There are other attempts to undermine the new council as well. The PLC needs to monitor and react to baseless campaigns that accuse local and international non-governmental organizations (NGOs) of exploiting Yemeni women and girls. Such disinformation campaigns are a common tactic of insurgent groups, as they serve multiple purposes in undermining state authority. First, the campaign provides a pretext for retaliatory extremist activity in Aden and its environs. Second, successfully targeting NGOs and civil society organizations would cast the PLC as weak and ineffective, and incapable of protecting its constituents. Third, if the PLC is unable to provide adequate protection, it could be blamed for this failure, and its supporters could seek protection elsewhere. Lastly, the targeting of NGOs could limit their ability to operate effectively or even drive them from the area. The outsize impact of humanitarian aid to Yemen’s wartime economy would make such a retreat especially damaging. The PLC might then be blamed for an intensification of the country’s humanitarian crisis. NGOs have already tightened their security measures and informed their employees to remain alert, but the PLC must not underestimate the consequences of inaction. The knock-on effects of an insufficient response could be extremely serious.
It is difficult to conceptualize what options the PLC has to deal with such a predicament.

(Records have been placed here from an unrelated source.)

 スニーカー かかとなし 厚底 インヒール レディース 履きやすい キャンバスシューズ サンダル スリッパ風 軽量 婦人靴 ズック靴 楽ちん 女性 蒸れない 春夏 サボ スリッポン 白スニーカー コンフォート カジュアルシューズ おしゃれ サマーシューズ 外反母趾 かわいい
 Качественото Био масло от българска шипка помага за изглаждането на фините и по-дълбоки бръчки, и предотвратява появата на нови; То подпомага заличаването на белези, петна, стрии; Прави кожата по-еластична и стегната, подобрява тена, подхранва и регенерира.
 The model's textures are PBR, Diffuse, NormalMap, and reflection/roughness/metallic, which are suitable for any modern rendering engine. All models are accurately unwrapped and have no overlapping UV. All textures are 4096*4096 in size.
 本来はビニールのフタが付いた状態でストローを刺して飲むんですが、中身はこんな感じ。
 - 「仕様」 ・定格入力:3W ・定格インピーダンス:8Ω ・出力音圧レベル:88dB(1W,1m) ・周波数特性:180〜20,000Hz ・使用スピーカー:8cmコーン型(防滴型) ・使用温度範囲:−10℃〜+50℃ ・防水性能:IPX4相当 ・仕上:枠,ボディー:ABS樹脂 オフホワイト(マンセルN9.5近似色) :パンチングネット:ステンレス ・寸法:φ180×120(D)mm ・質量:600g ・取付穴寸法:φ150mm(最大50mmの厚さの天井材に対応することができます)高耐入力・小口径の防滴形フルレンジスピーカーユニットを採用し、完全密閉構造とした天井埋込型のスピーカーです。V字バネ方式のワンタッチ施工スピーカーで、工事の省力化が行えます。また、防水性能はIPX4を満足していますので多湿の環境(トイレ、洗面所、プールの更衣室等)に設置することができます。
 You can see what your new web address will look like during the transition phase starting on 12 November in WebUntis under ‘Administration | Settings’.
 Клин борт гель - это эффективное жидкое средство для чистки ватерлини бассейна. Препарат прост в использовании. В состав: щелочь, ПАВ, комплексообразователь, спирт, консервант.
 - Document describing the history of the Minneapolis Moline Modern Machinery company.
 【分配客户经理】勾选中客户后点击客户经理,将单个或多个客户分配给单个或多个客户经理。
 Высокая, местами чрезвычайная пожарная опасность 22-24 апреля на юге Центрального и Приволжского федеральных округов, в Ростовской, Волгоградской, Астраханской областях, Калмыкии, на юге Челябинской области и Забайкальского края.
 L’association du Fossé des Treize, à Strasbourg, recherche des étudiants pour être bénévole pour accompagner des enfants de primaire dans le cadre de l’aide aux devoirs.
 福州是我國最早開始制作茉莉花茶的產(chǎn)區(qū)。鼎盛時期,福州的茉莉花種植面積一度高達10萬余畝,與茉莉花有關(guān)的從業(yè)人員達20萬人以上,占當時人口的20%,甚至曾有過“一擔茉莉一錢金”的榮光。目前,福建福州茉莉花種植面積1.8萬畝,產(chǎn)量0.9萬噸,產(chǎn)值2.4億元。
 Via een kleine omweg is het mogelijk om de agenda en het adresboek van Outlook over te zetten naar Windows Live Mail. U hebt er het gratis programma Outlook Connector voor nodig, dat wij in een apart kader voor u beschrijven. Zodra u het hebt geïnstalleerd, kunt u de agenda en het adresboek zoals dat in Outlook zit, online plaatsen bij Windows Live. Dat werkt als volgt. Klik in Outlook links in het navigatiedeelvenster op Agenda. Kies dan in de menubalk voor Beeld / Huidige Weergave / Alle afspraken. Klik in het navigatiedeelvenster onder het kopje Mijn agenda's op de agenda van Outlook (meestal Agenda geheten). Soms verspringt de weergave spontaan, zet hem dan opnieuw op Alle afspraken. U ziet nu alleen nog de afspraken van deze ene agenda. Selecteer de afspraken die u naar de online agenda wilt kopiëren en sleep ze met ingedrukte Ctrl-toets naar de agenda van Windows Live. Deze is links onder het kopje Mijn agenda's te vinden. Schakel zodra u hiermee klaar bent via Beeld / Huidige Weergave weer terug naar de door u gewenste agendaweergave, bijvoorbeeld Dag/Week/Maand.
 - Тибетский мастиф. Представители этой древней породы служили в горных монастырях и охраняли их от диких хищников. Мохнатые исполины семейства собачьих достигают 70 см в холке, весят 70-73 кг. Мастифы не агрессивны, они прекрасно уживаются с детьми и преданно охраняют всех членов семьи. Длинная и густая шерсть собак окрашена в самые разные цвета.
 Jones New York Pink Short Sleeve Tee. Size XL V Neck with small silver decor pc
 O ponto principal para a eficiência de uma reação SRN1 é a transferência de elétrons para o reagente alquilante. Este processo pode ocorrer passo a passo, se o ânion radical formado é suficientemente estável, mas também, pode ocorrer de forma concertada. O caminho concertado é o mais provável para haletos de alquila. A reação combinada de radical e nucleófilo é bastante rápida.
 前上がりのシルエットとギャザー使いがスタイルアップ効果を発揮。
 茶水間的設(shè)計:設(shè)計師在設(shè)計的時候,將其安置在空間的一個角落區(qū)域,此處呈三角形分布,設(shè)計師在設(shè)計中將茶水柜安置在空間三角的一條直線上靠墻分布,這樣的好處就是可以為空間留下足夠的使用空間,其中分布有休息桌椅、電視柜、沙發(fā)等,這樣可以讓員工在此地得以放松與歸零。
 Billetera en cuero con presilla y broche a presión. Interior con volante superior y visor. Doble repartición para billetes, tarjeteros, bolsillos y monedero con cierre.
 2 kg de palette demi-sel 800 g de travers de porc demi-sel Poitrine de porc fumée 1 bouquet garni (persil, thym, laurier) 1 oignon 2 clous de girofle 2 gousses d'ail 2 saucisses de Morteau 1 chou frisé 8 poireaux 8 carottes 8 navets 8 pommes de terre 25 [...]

Instead of waiting for AQAP to undertake operations in Aden, it should show it has the power to stand firm against such threats. This is easier said than done. In Abyan, the deep divisions between the STC forces in Sheikh Salem and pro-Hadi presidential guards in Shoqra may undermine coordination against AQAP. It may not even be possible to incentivize the presidential guards to abide by the commands of the PLC or Ministry of Defense without Hadi’s support. Another option for the PLC would be relying on the Giants Brigades, which successfully pushed Houthi forces out of Shabwa in early January. However, deploying them on multiple fronts risks exhausting these forces and exposing them to heavy losses. It may be more prudent to save the Giants Brigades to defend against the Houthis as the current truce expires, should efforts to end the conflict through negotiation fail.
The pressing need to restructure and unite its various military and security forces puts PLC in a precarious position. PLC President Rashad al-Alimi has stated that the unification of these forces is the base that will enable the government to overcome current challenges and threats and restore the state and its institutions. To realize this, Al-Alimi will need the full backing of Saudi Arabia and the UAE. Otherwise, efforts at reorganization could devolve into recrimination and defection, as occurred after the signing of the Riyadh agreement in November 2019. If the PLC fails to sense the danger from an active AQAP and proactively counter the group, the consequences for the new leadership will be dire.